Now for testing I need to have the whole object as one to get better result. So my question is how can I combine these objects into one.
objs = []
while True:
try:
f = open(picklename,"rb")
objs.extend(pickle.load(f))
f.close()
except EOFError:
break
Doing this does not work. And it gives the error TypeError: 'NaiveBayesClassifier' object is not iterable.
NaiveBayesClassifier code :
classifier = nltk.NaiveBayesClassifier.train(training_set)
I am not sure about the exact format of your data, but you can not simply merge different classifiers. The Naive Bayes classifier stores a probability distribution based on the data it was trained on, and you can not merge probability distributions without access to the original data.
If you look at the source code here: http://www.nltk.org/_modules/nltk/classify/naivebayes.html
an instance of the classifier stores:
self._label_probdist = label_probdist
self._feature_probdist = feature_probdist
these are calculated in the train method using relative frequency counts. (e.g P(L_1) = (# of L1 in training set) / (# labels in training set). To combine the two, you would want to get (# of L1 in Train 1 + Train 2)/(# of labels in T1 + T2).
However, the naive bayes procedure isn't too hard to implement from scratch, especially if you follow the 'train' source code in the link above. Here is an outline, using the NaiveBayes source code
Store 'FreqDist' objects for each subset of the data for the labels and features.
label_freqdist = FreqDist()
feature_freqdist = defaultdict(FreqDist)
feature_values = defaultdict(set)
fnames = set()
# Count up how many times each feature value occurred, given
# the label and featurename.
for featureset, label in labeled_featuresets:
label_freqdist[label] += 1
for fname, fval in featureset.items():
# Increment freq(fval|label, fname)
feature_freqdist[label, fname][fval] += 1
# Record that fname can take the value fval.
feature_values[fname].add(fval)
# Keep a list of all feature names.
fnames.add(fname)
# If a feature didn't have a value given for an instance, then
# we assume that it gets the implicit value 'None.' This loop
# counts up the number of 'missing' feature values for each
# (label,fname) pair, and increments the count of the fval
# 'None' by that amount.
for label in label_freqdist:
num_samples = label_freqdist[label]
for fname in fnames:
count = feature_freqdist[label, fname].N()
# Only add a None key when necessary, i.e. if there are
# any samples with feature 'fname' missing.
if num_samples - count > 0:
feature_freqdist[label, fname][None] += num_samples - count
feature_values[fname].add(None)
# Use pickle to store label_freqdist, feature_freqdist,feature_values
Combine those using their built-in 'add' method. This will allow you to get the relative frequency across all the data.

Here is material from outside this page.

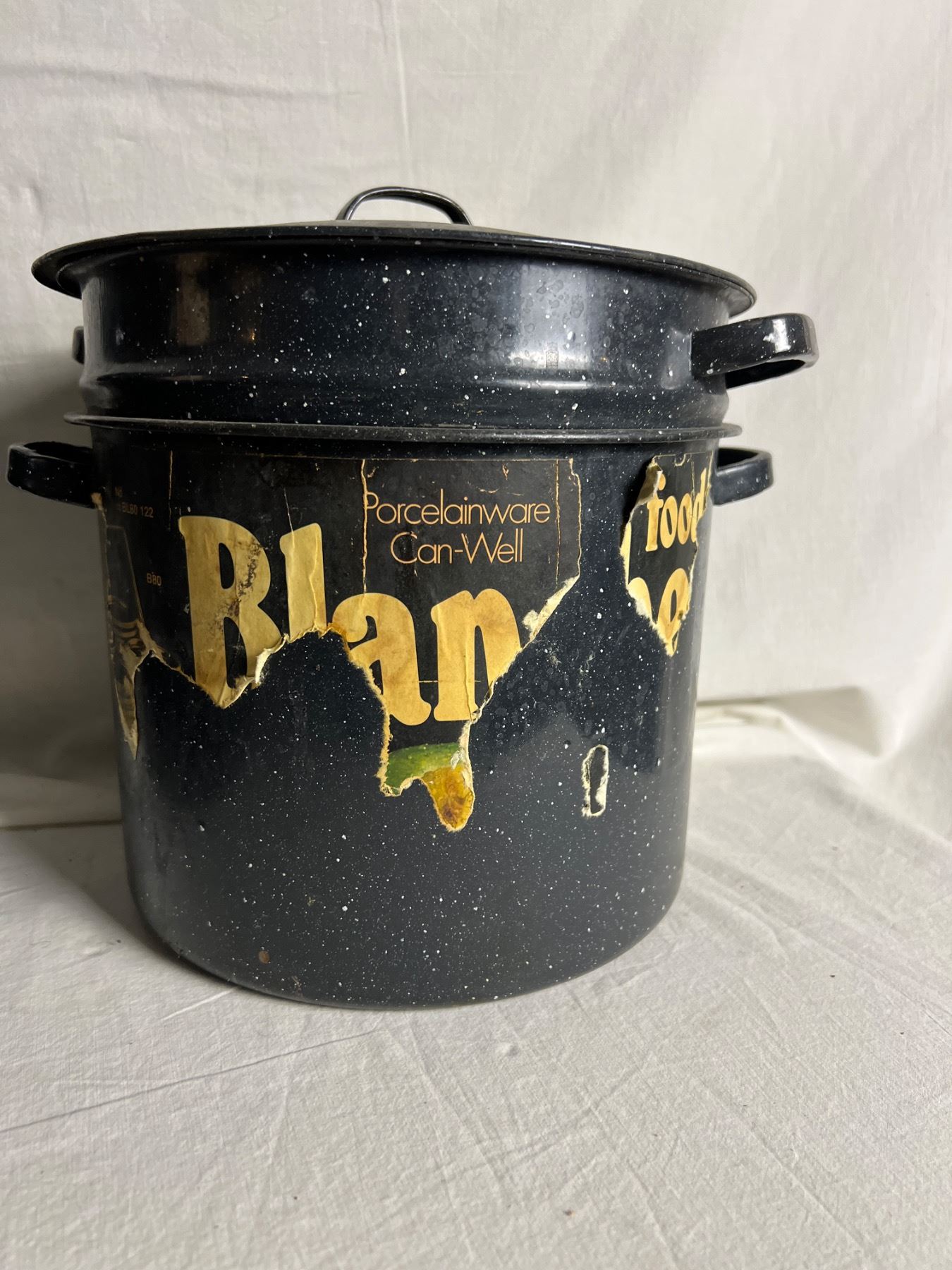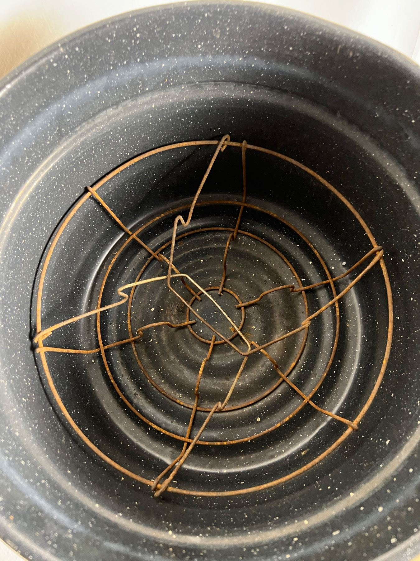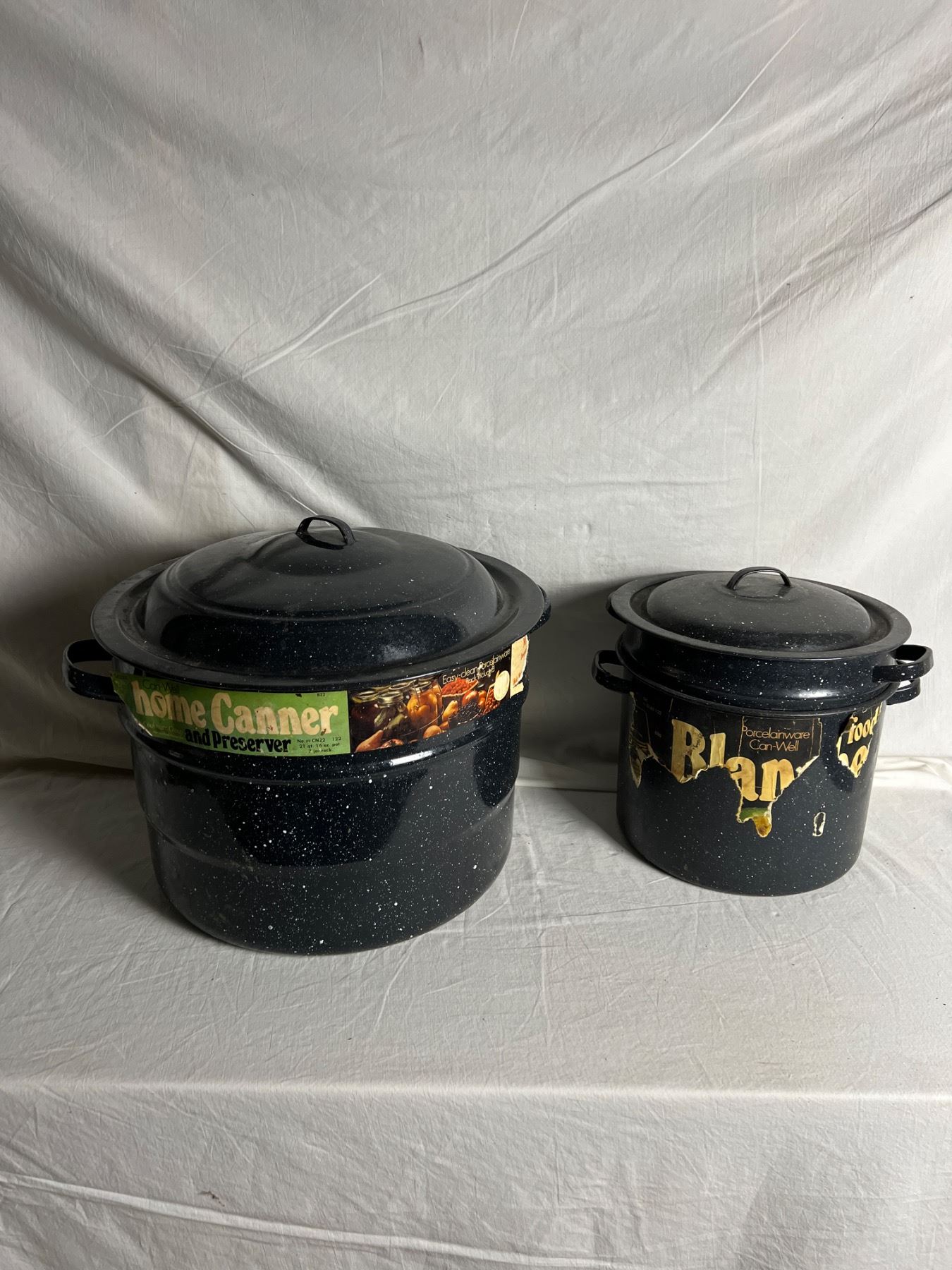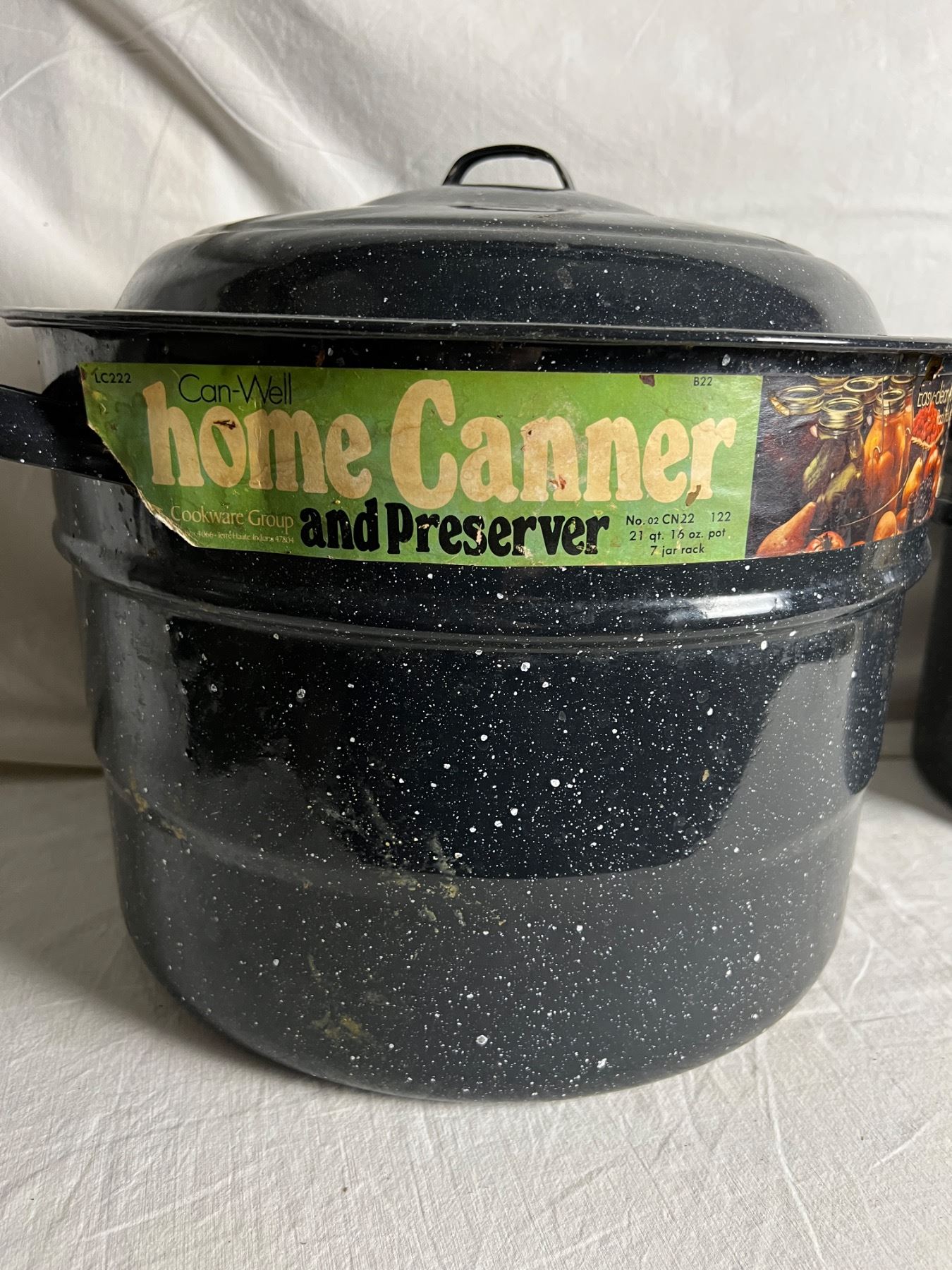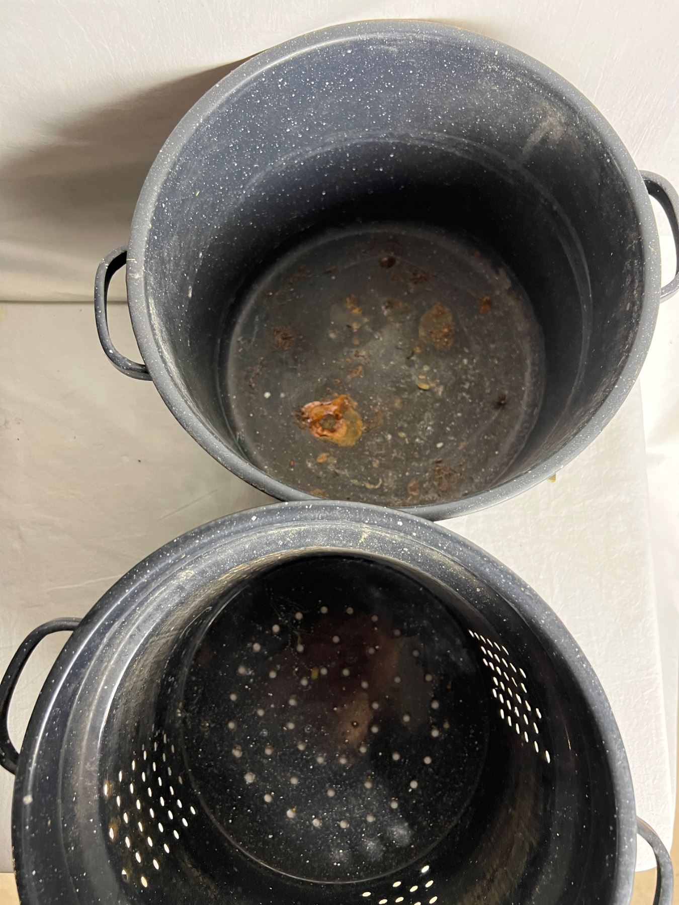 Larger pot is 21qt. Rust to bottom of smaller unit.

all_label_freqdist = FreqDist()
all_feature_freqdist = defaultdict(FreqDist)
all_feature_values = defaultdict(set)
for file in train_labels:
f = open(file,"rb")
all_label_freqdist += pickle.load(f)
f.close()
# Combine the default dicts for features similarly
Use the 'estimator' to create a probability distribution.
estimator = ELEProbDist()
label_probdist = estimator(all_label_freqdist)
# Create the P(fval|label, fname) distribution
feature_probdist = {}
for ((label, fname), freqdist) in all_feature_freqdist.items():
probdist = estimator(freqdist, bins=len(all_feature_values[fname]))
feature_probdist[label, fname] = probdist
classifier = NaiveBayesClassifier(label_probdist, feature_probdist)
The classifier will not combine the counts across all the data and produce what you need.